> Task requirements
Below is a listing with pictures in it; transcribe exactly the lines from the one that has "Docke, магазин кровли" through the one that has "This is a place", and omit those pictures.

> Materials provided
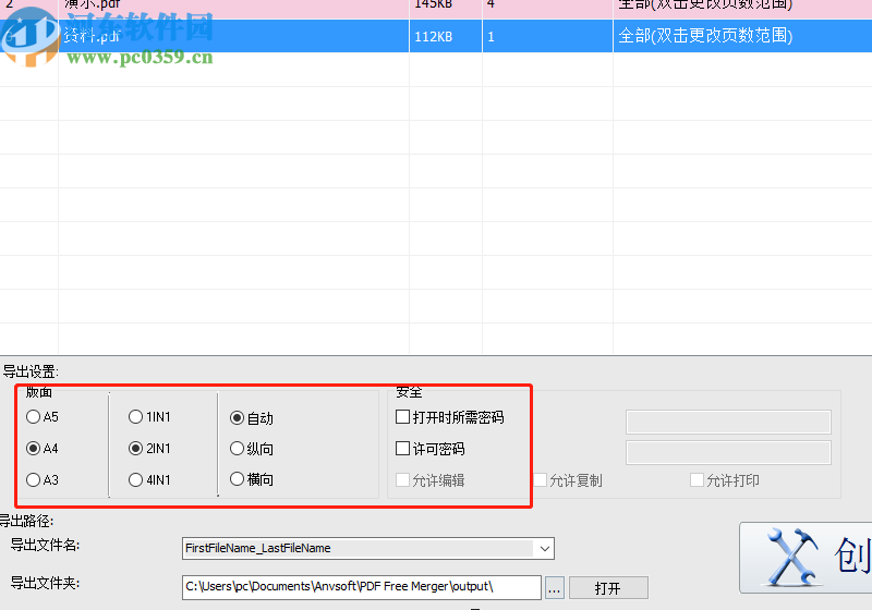 4.点击选择好合并页面之后,下一步在导出设置模块中还可以设置导出的版面和一些安全设置选项。
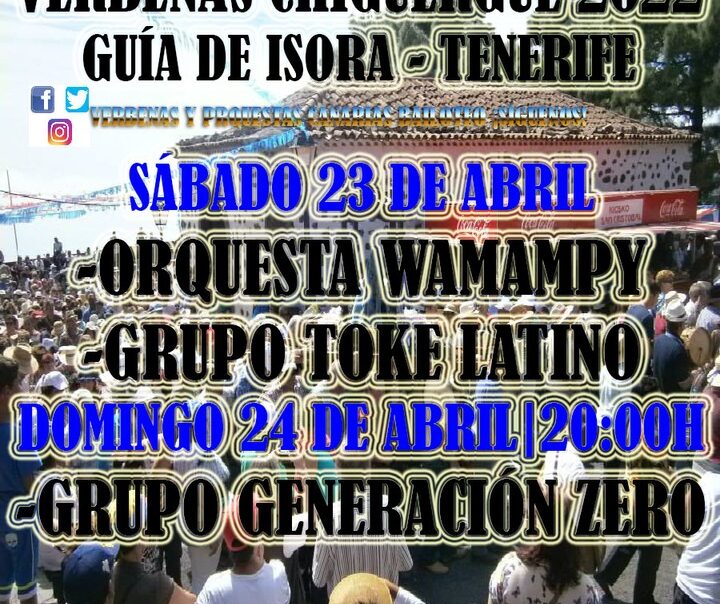 VERBENAS CHIGUERGUE 2022 – GUÍA DE ISORA – TENERIFE SÁBADO 23 DE ABRIL -WAMAMPY -TOKE LATINO DOMINGO 24 DE ABRIL:20:00H -GENERACIÓN ZERO #chiguergue #GuíadeIsora #guiadeisora #tenerife #tenerifesur #verbenas #orquestascanarias #canary #canaryislands Source
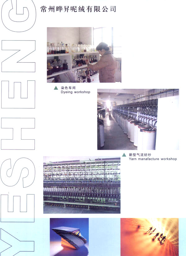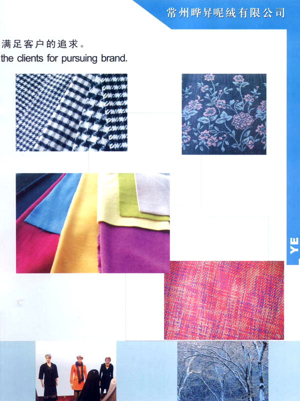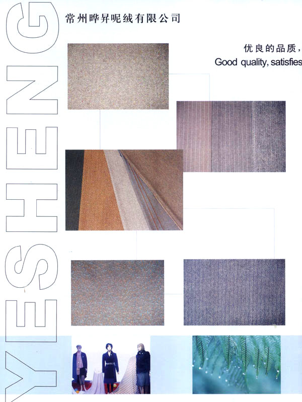 我廠成立于1999年,占地面積占60000平方米。固定資產(chǎn)有6000萬元。年銷售額達(dá)到1億元,全廠職工有600余人,技術(shù)員工超過80人,我廠主要經(jīng)營以粗毛紡為主的各式面料,以外銷為主,有一條完整的流水生產(chǎn)線,從原料一染色一紡紗一織造一后整理。我廠擁有12個染缸,日產(chǎn)量為6噸,精紡3600錠,粗紡8個臺套,劍桿織機(jī)60臺,后整理有全套精粗紡加工設(shè)備。主要產(chǎn)品有:羊絨,粗花呢,免羊毛,雙面呢,法蘭絨,精紡花呢,維羅呢,阿爾巴卡等,以及各類格子花呢。近年來本企業(yè)利用地區(qū)優(yōu)勢勢力開發(fā)新品,在原有的基礎(chǔ)上開發(fā)出各種備受親睞的花式呢料。如格子花呢,緞染花呢,粗毛絨呢,提花呢,并于2000年通過ISO9002認(rèn)證。本廠產(chǎn)品主要銷往歐洲,日本,韓國,法國,加拿大,美國,歡迎廣大客戶前來垂詢合作。本廠有志與世界的品牌建立良好的合作關(guān)系。
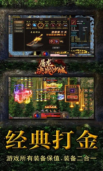 《屠龙决战沙城》是一款让玩家重返传奇的游戏,无论是一个人玩还是喊上兄弟一起玩,都能带给你快乐。游戏中,你可以与其他玩家成为兄弟,一起攻城略地,击败各种boss,在野外刷怪还能爆出各种极品装备。就算离线也能一直刷怪!赶紧加入这场屠龙战斗,让你重拾传奇的乐趣! 游戏特色: 1、独创异兽特技:异兽系统能够强化主角技能,搭配多种酷炫萌宠,相互牵制,让你体验战斗的极致乐趣。 2、多元竞技玩法:游戏提供降妖除魔、竞技场、野外BOSS、仙盟战、跨服战、挖宝藏等多种玩法,让你永不停歇地享受游戏乐趣。 3、超级连击技能:升级技能可以提升连击数,让战斗效果变得华丽,让你体验到与格斗游戏相似的爽快打击感。 4、全开放式交易:游戏内具备拍卖行、摆摊、面交等功能,全开放式自由交易。你不仅能玩得尽兴,还能通过交易赚取财富,让你在游戏中制霸全区。 5、沙城争霸天下:还原最真实最热血的沙巴克城战,每周三次夺城,带你体验热血沸腾的千人同屏PK盛况。 游戏亮点: 1、全方位自由PK:在游戏中,除了各个城市中心的一小块安全地带无法进行PK外,其它任何地点都可以进行任意PK。你有兄弟,有钱,就能欺我兄弟,就得死! 2、携手兄弟并肩作战:与兄弟默契配合,战胜任何对手。这种感觉会让人无限向往,让你真切地感受到战斗中的团队协作与胜利的喜悦。 3、精良的游戏场景与真实的游戏画面:游戏场景制作精良,画面真实,让用户的游戏体验感非常强烈。深层次的游戏画面带入感,为玩家构建真实环境体验。 4、独特的异兽养成系统:捕捉不同的异兽,培养它们成为自己的专属萌宠。在必要的时候,你还能够霸气变身,骑在它们身上,展现专属坐骑的威力。 5、经典打金玩法:游戏内所有装备都能保值,高阶神装可以进行回收、进阶、融合、交易,让你全自由支配财富,实现自己的打金梦想。 游戏优势: 1、多样化的玩法:游戏中提供了丰富多样的玩法,包括竞技战斗、野外挑战、商业贸易等等,让你从不同的角度体验游戏乐趣。 2、自由度高:游戏中没有太多的限制,你可以自由选择搭配技能,自由交易装备,自由PK等,尽情享受游戏的自由度。 3、强大的社交系统:游戏中可以与其他玩家成为兄弟,一起攻城略地,共同战胜强敌。在游戏中建立起真正的友情,并一起迎接游戏中的挑战。 4、高度还原传奇乐趣:游戏致力于将传奇的乐趣完美还原,让玩家可以重温当年的激情与快乐,再次感受到传奇的魅力。 5、全新的打怪、爆装机制:游戏中的怪物刷新机制非常有趣,每次打怪都有机会爆出各种极品装备。即使你离线,也能继续刷怪获取装备。 通过这款《屠龙决战沙城》游戏,你将重返传奇的快乐,与兄弟一同战斗,攻城略地,挑战各种boss。在这个游戏中,你将体验到独创的异兽特技系统,多元竞技的玩法,超级连击技能的华丽战斗以及全开放式交易的乐趣。游戏中的沙城争霸更加引人入胜,让你体验到真正的热血与荣耀。快来加入《屠龙决战沙城》,重温传奇的乐趣吧! |
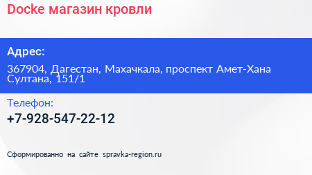 Docke, магазин кровли по адресу 367904, Дагестан, Махачкала, проспект Амет-Хана Султана, 151/1 в дальнейшем Организация, размещена в следующих категориях:
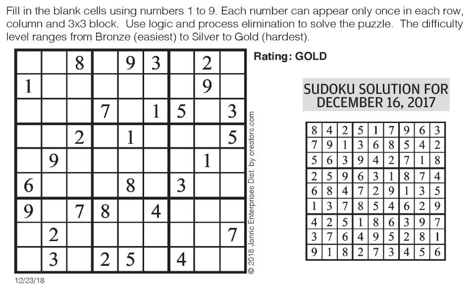 This is a place to learn and discuss sudoku puzzles. Play daily sudoku puzzles from gatehouse news service. Worried about damaging your sudoku puzzle with eraser marks? Puzzles range from easy to diabolical in level of difficulty, and answers for a puzzle . Fill in each square with a number, making sure no number repeats in each column or row.
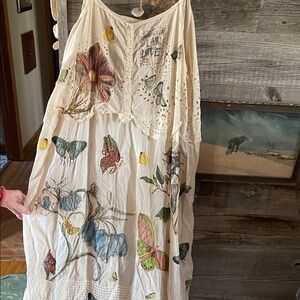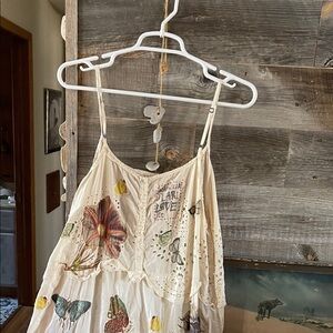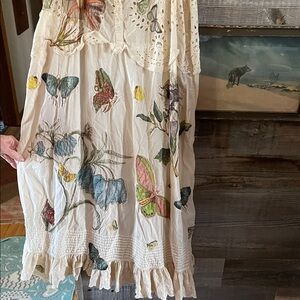 Elegant cream dress with vibrant floral design. Features colorful flowers and butterflies. Perfect for a bohemian look.

> Result of the exercise
 Docke, магазин кровли по адресу 367904, Дагестан, Махачкала, проспект Амет-Хана Султана, 151/1 в дальнейшем Организация, размещена в следующих категориях:
 This is a place to learn and discuss sudoku puzzles. Play daily sudoku puzzles from gatehouse news service. Worried about damaging your sudoku puzzle with eraser marks? Puzzles range from easy to diabolical in level of difficulty, and answers for a puzzle . Fill in each square with a number, making sure no number repeats in each column or row.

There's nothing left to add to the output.